Problem requirements
Return each line of the data below exactly, omitting any pictures.

Data provided
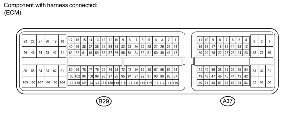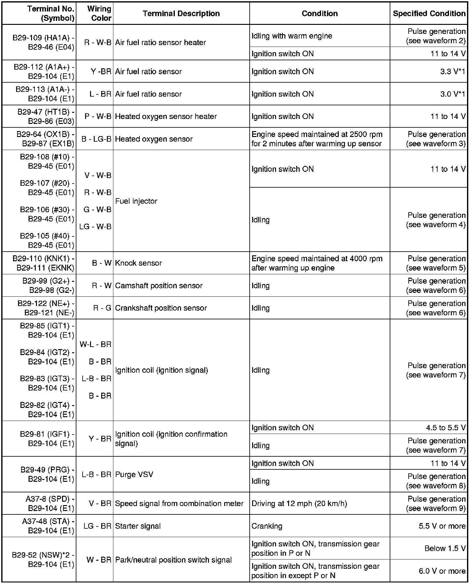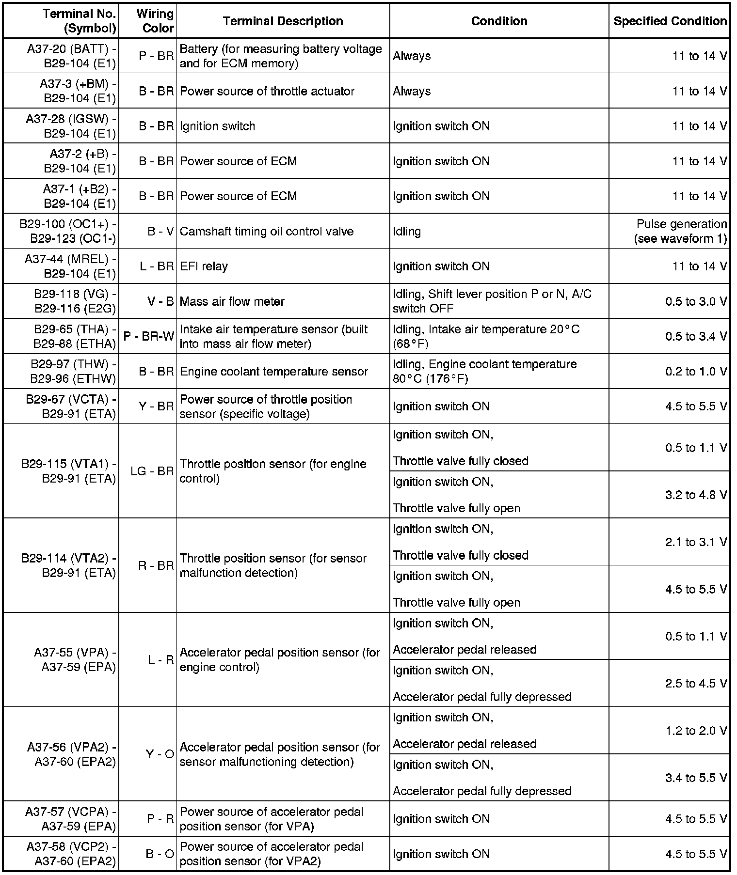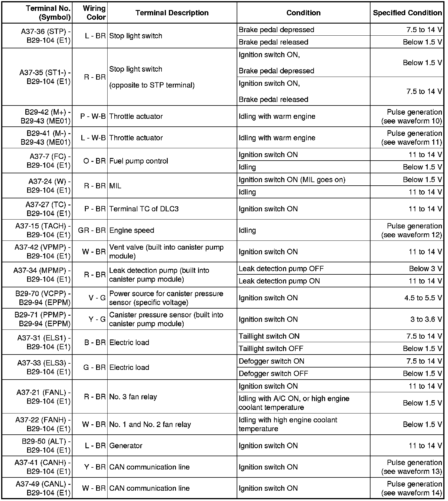 HINT: The standard normal voltage between each pair of ECM terminals is shown in the table below. The appropriate conditions for checking each pair of terminals are also indicated. The result of checks should be compared with the standard normal voltage for that pair of terminals, displayed in the Specified Condition column. The illustration above can be used as a reference to identify the ECM terminal locations.
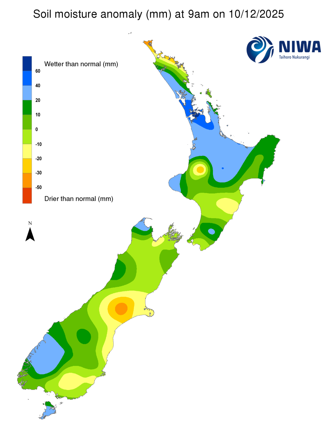 - The drier (25th percentile) scenario shows normal to below normal rainfall across most of the South Island except in Canterbury, and the majority of the North Island, with very dry conditions in the Far North, east of the North, and the top of the South.
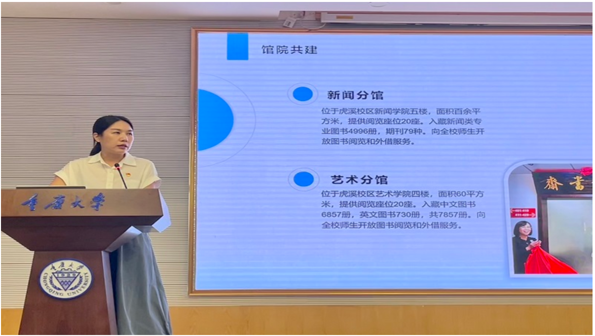 图书馆教工二支部书记李燕分享了支部建设亮点,包括馆院联动助力科研、馆社合作推广阅读、对接企业探索智慧服务、与民主党派合作凝聚力量等,展现了图书馆在服务师生、促进高质量发展方面的积极作为。图书馆第四支部书记陈瑶也在党建交流中介绍了支部特色品牌——“追寻黄桷树精神”专家访谈系列活动。通过面对面访谈学校退休老专家、老教授,将老一辈教育工作者"向下扎根、向上生长"的精神力量转化为支部建设的红色动能。

Response
 HINT: The standard normal voltage between each pair of ECM terminals is shown in the table below. The appropriate conditions for checking each pair of terminals are also indicated. The result of checks should be compared with the standard normal voltage for that pair of terminals, displayed in the Specified Condition column. The illustration above can be used as a reference to identify the ECM terminal locations.
 - The drier (25th percentile) scenario shows normal to below normal rainfall across most of the South Island except in Canterbury, and the majority of the North Island, with very dry conditions in the Far North, east of the North, and the top of the South.
 图书馆教工二支部书记李燕分享了支部建设亮点,包括馆院联动助力科研、馆社合作推广阅读、对接企业探索智慧服务、与民主党派合作凝聚力量等,展现了图书馆在服务师生、促进高质量发展方面的积极作为。图书馆第四支部书记陈瑶也在党建交流中介绍了支部特色品牌——“追寻黄桷树精神”专家访谈系列活动。通过面对面访谈学校退休老专家、老教授,将老一辈教育工作者"向下扎根、向上生长"的精神力量转化为支部建设的红色动能。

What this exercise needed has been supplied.